_Work request_
Give back exactly the lines from the beginning of the listing below to the line holding "Povratak ekonomista u", both ends included; the pictures stay out.

_Records for this task_
------------------------------------------------------------

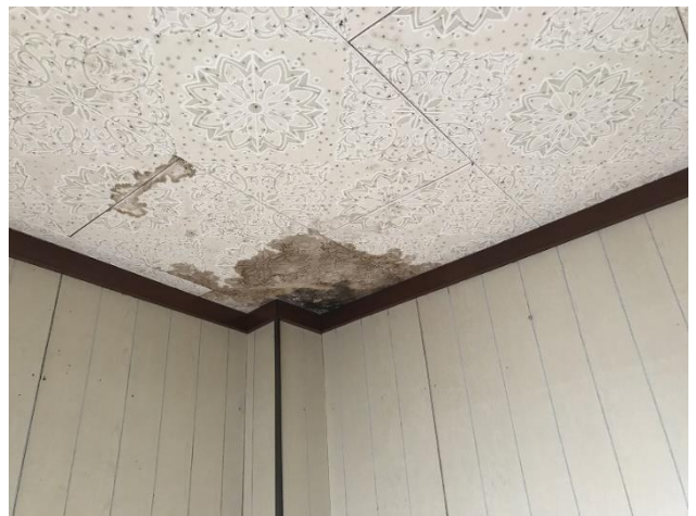
2階 洋室4帖（雨漏り跡2）
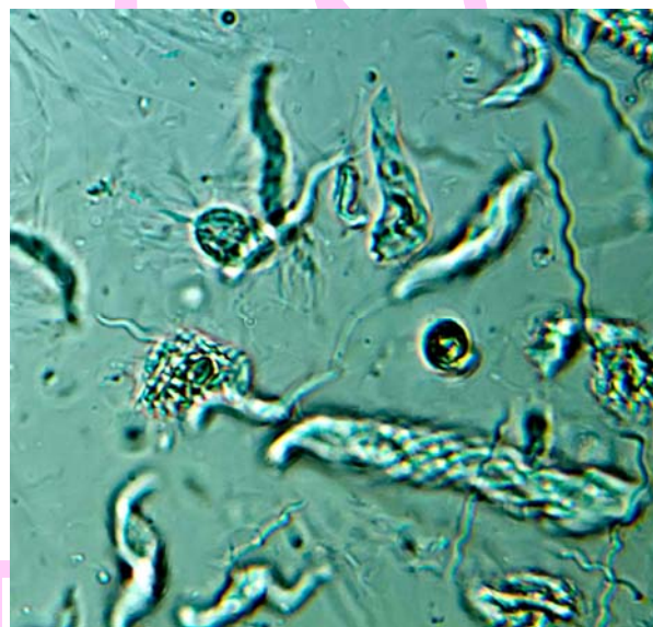
Tall transversal d'un tapís microbià (La Camarga). Microbiota intestinal de tèrmits
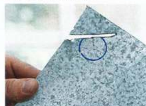
...der Praxis nicht drin – und wer möchte beispielsweise schon ein viereckiges Antennenloch?
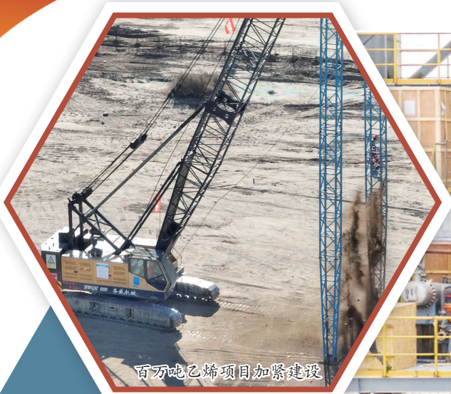
百万吨乙烯项目加紧建设
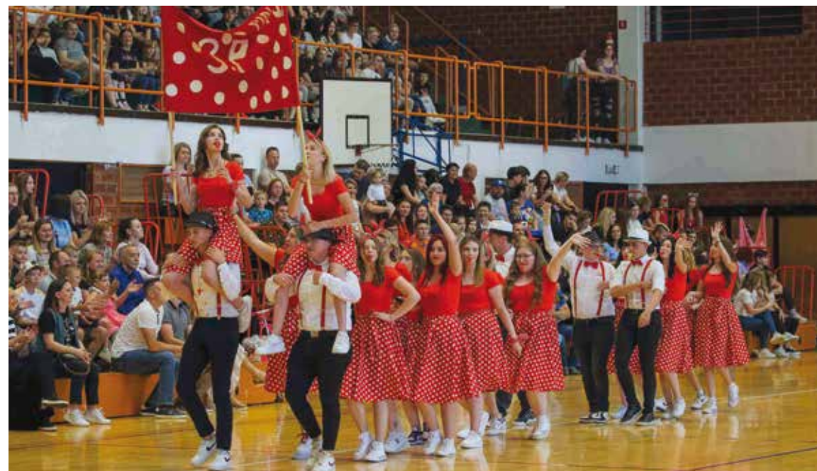
Povratak ekonomista u 20. st. u veselim pin up kombinacijama
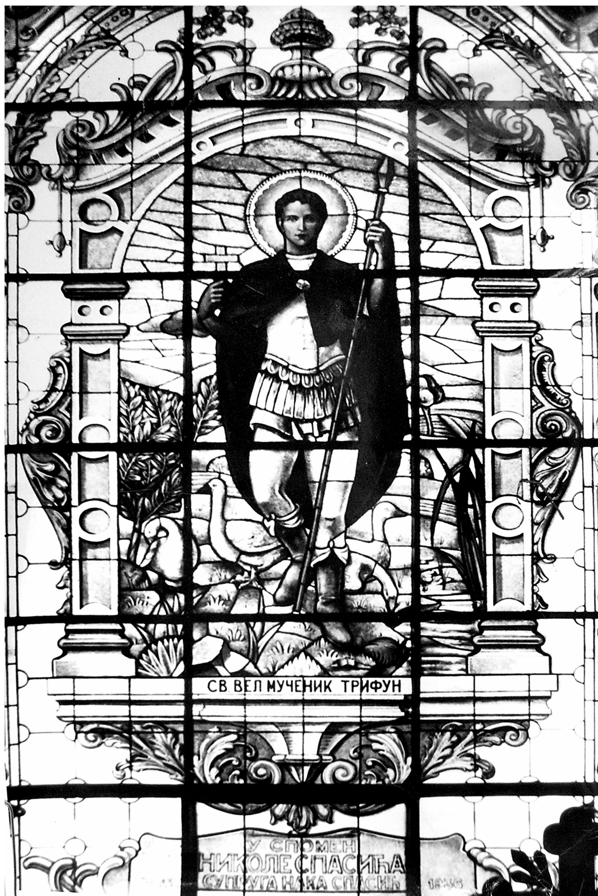
Святий великомученик Трифун. Вітраж Соборної церкви Св. Архистратига Михаїла у Белграді. Петро Карплюк 1936 р.
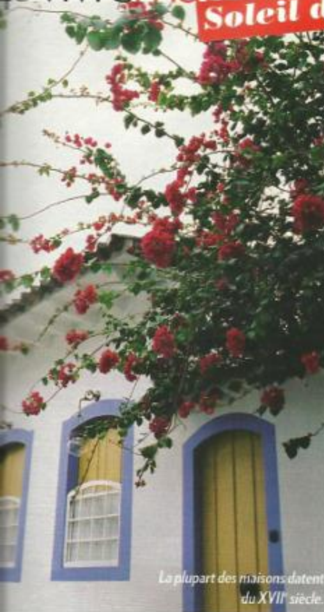
La plupart des maisons datent du XVII e siècle.
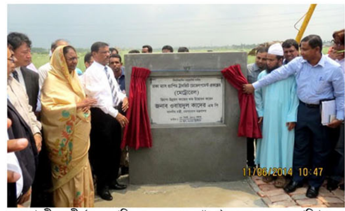
মাননীয় মন্ত্রী (সড়ক পরিবহন ও সেতু মন্ত্রণালয়) ১১ জুন, ২০১৪ তারিখ মেট্রোরেলের ডিপো এলাকার শুভ উদ্বোধন করেন।
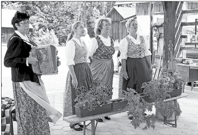
Pušeljci zdaj nastopa kot ženski kvartet ljudskih pevk.
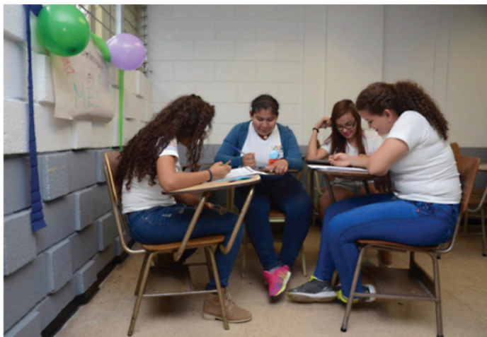
Es Inminente promover que los programas universitarios docentes en Costa Rica sean espacios de estímulo a la identidad lectora de las y los futuros docentes.

Roya Scales et al. (2018) investigaron la formación de futuros docentes en un estudio de caso longitudinal que determinó que el desarrollo del criterio profesional para la enseñanza de la lectoescritura no era resultado exclusivo del contenido instrumental recibido en la formación universitaria sino también de las experiencias extra aula en este período (Figura 2). Además, dicho criterio no se limita sólo al conocimiento técnico en contenidos, destrezas y estrategias de lectoescritura sino que implica también una visión amplia de los requerimientos curriculares en perspectiva de la cultura escolar y comunitaria, así como de las necesidades de las y los estudiantes.
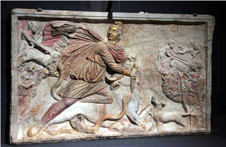
Mithrasstein aus dem Mithräum unter San Stefano Rotondo in Rom vom Ende des 3. Jahrhunderts (Marmor, Höhe 90,5 cm. Breite 148 cm). Rom, Museo Nazionale Romano, Terme di Diocleziano

Die Herkunft der römischen Gottheit Mithras liegt im Dunkeln. Eine direkte Verbindung zwischen einer in Indien, Persien und Kleinasien als Mit(h)ra bezeichneten Gottheit und dem römischen Mithraskult lässt sich nicht feststellen. Vom Ende des 1. Jh. bis zum Ende des 4. Jh. gehörte er in vielen Teilen des Reiches mit insgesamt mehr als 500 nachgewiesenen
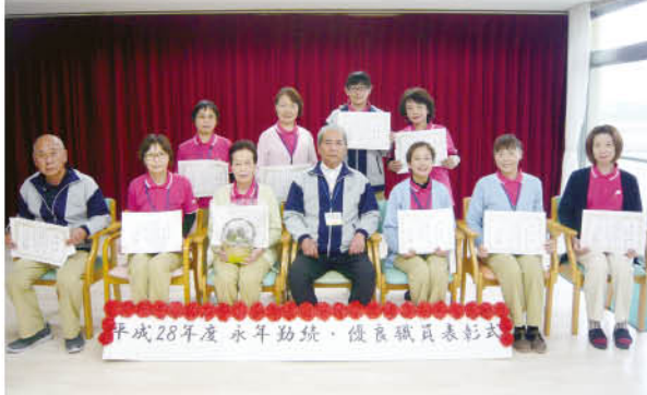
今年度は永年勤続職員8名、優良職員7名が表彰されました。表彰された皆様おめでとうございます。
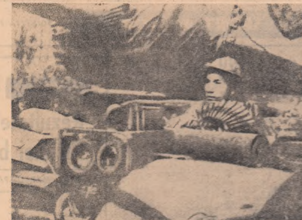
VIETNAMUL DE SUD. — Un luptător al forțelor patriotice folosește în cursul unui atac un tanț capturat de la forțele intervenționiste americane

Pancarta, sugestivă, este o chemare, un imbold în marea campanie de alfabetizare organizată actualmente în Columbia, cu scopul de a lichida ceea ce autoritățile denumesc „o rușine de neșuportat”. În fapt, circa un sfert din populația de 20 de milioane a Columbiei nu știe să scrie și să citească. Acțunea de alfabetizare

------------------------------------------------------------

_Response to the exercise_
2階 洋室4帖（雨漏り跡2）
Tall transversal d'un tapís microbià (La Camarga). Microbiota intestinal de tèrmits
...der Praxis nicht drin – und wer möchte beispielsweise schon ein viereckiges Antennenloch?
百万吨乙烯项目加紧建设
Povratak ekonomista u 20. st. u veselim pin up kombinacijama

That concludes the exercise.